Hoy al mediodía comí en el centro rodeado de monopatines y chicos jóvenes tomando el sol y mayores hablando y mostrándose como si fueran modelos; todos guapos todas guapas. Fui a esa pequeña tienda japonesa con su pequeña dueña japonesa y me pedí el vegetal y los palillos y me lo comí de vuelta allí sentado; primero a la sombra que se estaba bien y luego al sol que ¡oh! ya calienta y mucho. Qué rollitos, que arroz qué fideos yakisoba y ¡qué mujeres! Me llenaba de fideos y del sol y de todas esas mujeres y hasta estuve a punto de tirarme a los pies de una increíble morena de pelo corto y andar elegante que pasó cerca de mi y me miró con sus ojos verde claro que recorrieron todos los rincones de mi corazón hasta desnudarme y desarmarme por completo. Me pareció sencillamente ideal, con un estilo inigualable, y sentí que leía también en su alma y podría pasar el resto de mi vida a su lado si me lo pidiera, tener muchos hijos y luego una feliz y tranquila vejez y poder morir en paz, satisfecho, pleno, junta a ella. Luego se fue y no la veré nunca más y te sigo queriendo a ti pero la primavera ya está aquí, la ciudad bulle de gente y la alegría salió a las calles de nuevo. Así que ¡demonios! Voy a dejar de torturarme más y aceptarlo de una vez. ¿Dónde está el límite de mi insistencia? ¿de mi cabezonería? Siento que la poesía se esfuma entre la niebla como el puente de Getxo, que no se deja encontrar. Todo lo mágico deja de brillar y hasta sufrir me parece demasiado esta vez.

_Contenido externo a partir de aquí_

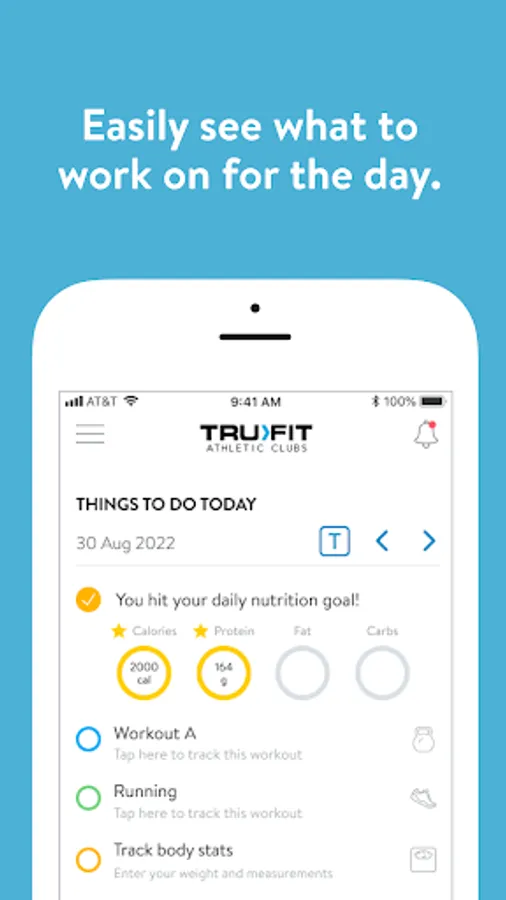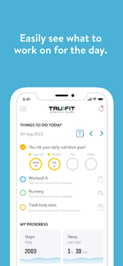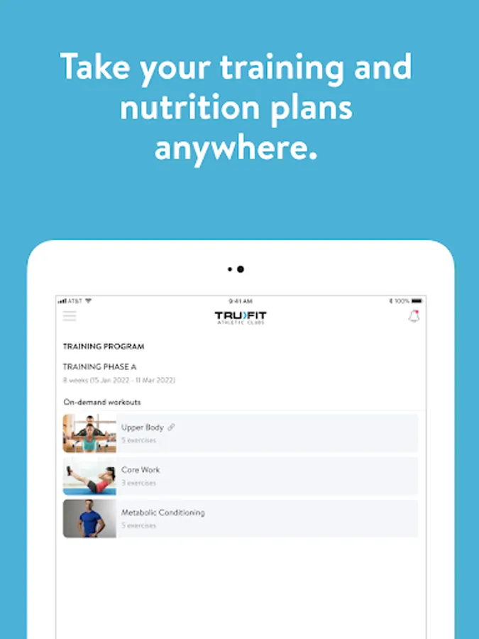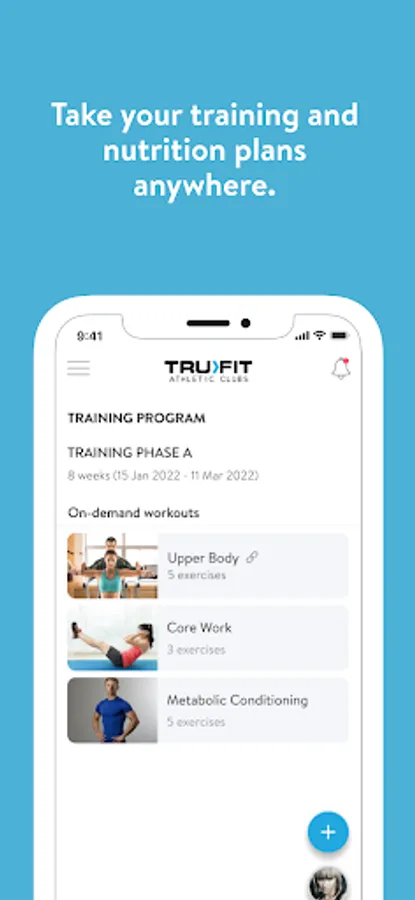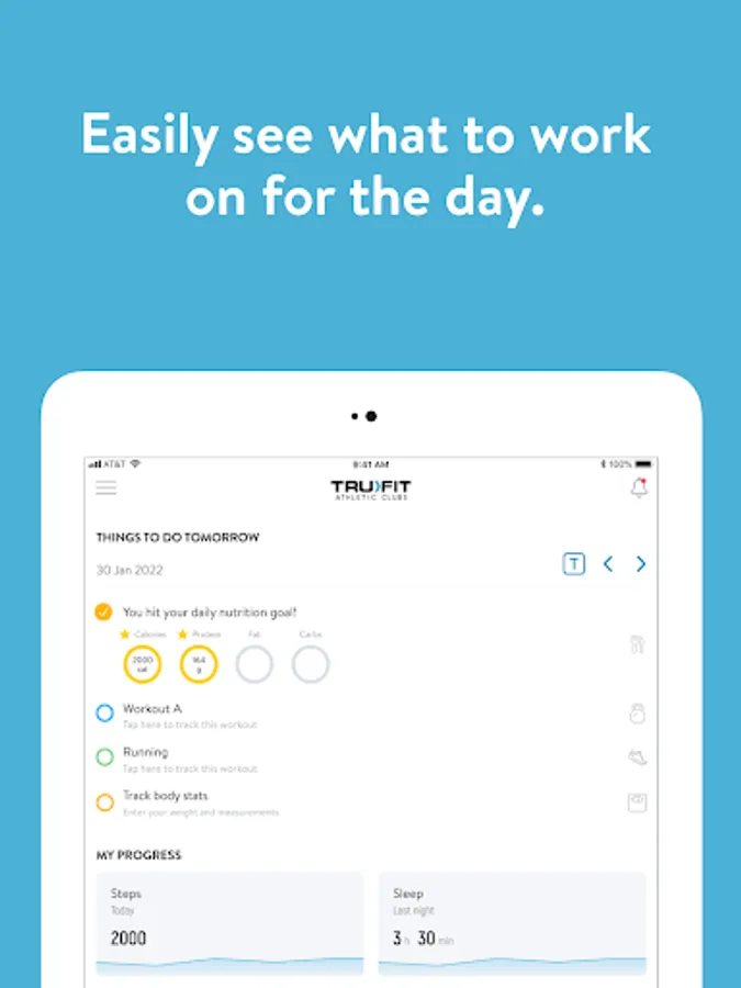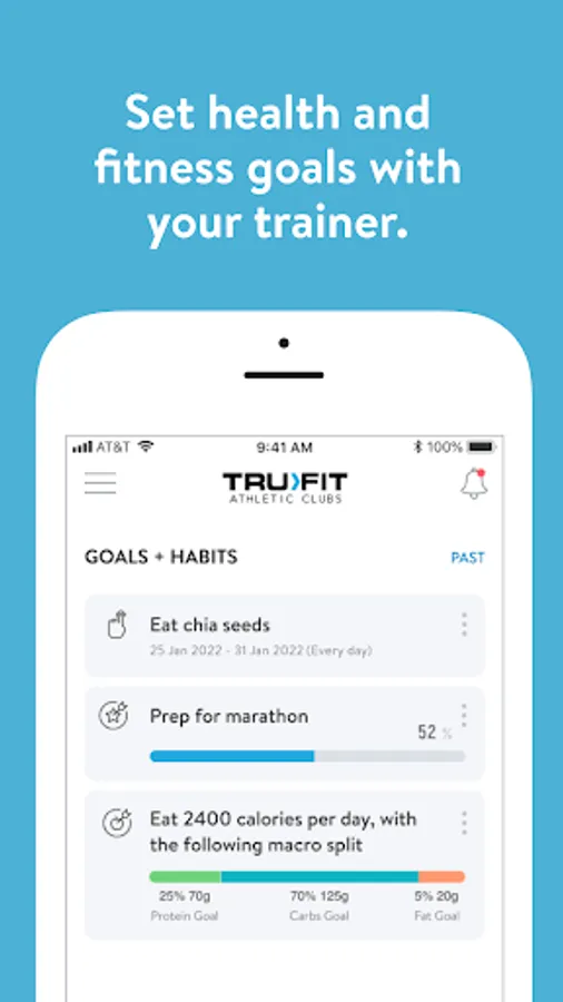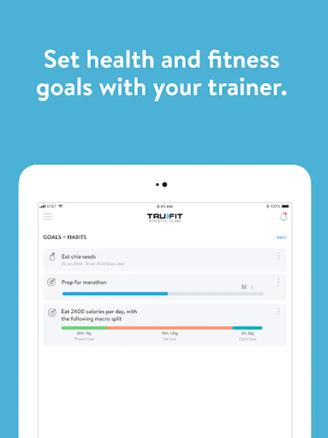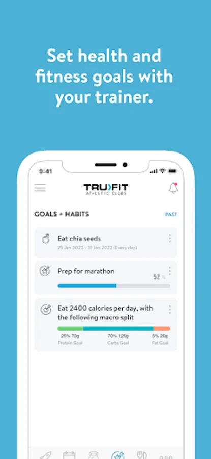 With the TruFit Athletic Club App, you can start tracking your workouts and meals, measuring results, and achieving your fitness goals, all with the help of your personal trainer.

- Empecé uno de los libros que me dejaste prestados. De hecho empecé como cuatro libros desde que terminé a Fante y no logré engancharme a ninguno. El otro día, a la vuelta del norte me dije “tienes que volver a ellos”. No pude resistir más y entré en la Central y fui directo a la sección de narrativa anglesa traduïda y después de echar un vistazo rápido fui directo a la K, compré los Vagabundos del Dharma y empecé a leer.

Japhy y yo, yo y Japhy estábamos fumados por completo. La conversación entre nosotros era también hacia nosotros. Las palabras empezaron a salir de mi y vi lo que yo sentía reflejado en ellas. Le hablaba pero me hablaba a mi y me escuchaba y me entendía.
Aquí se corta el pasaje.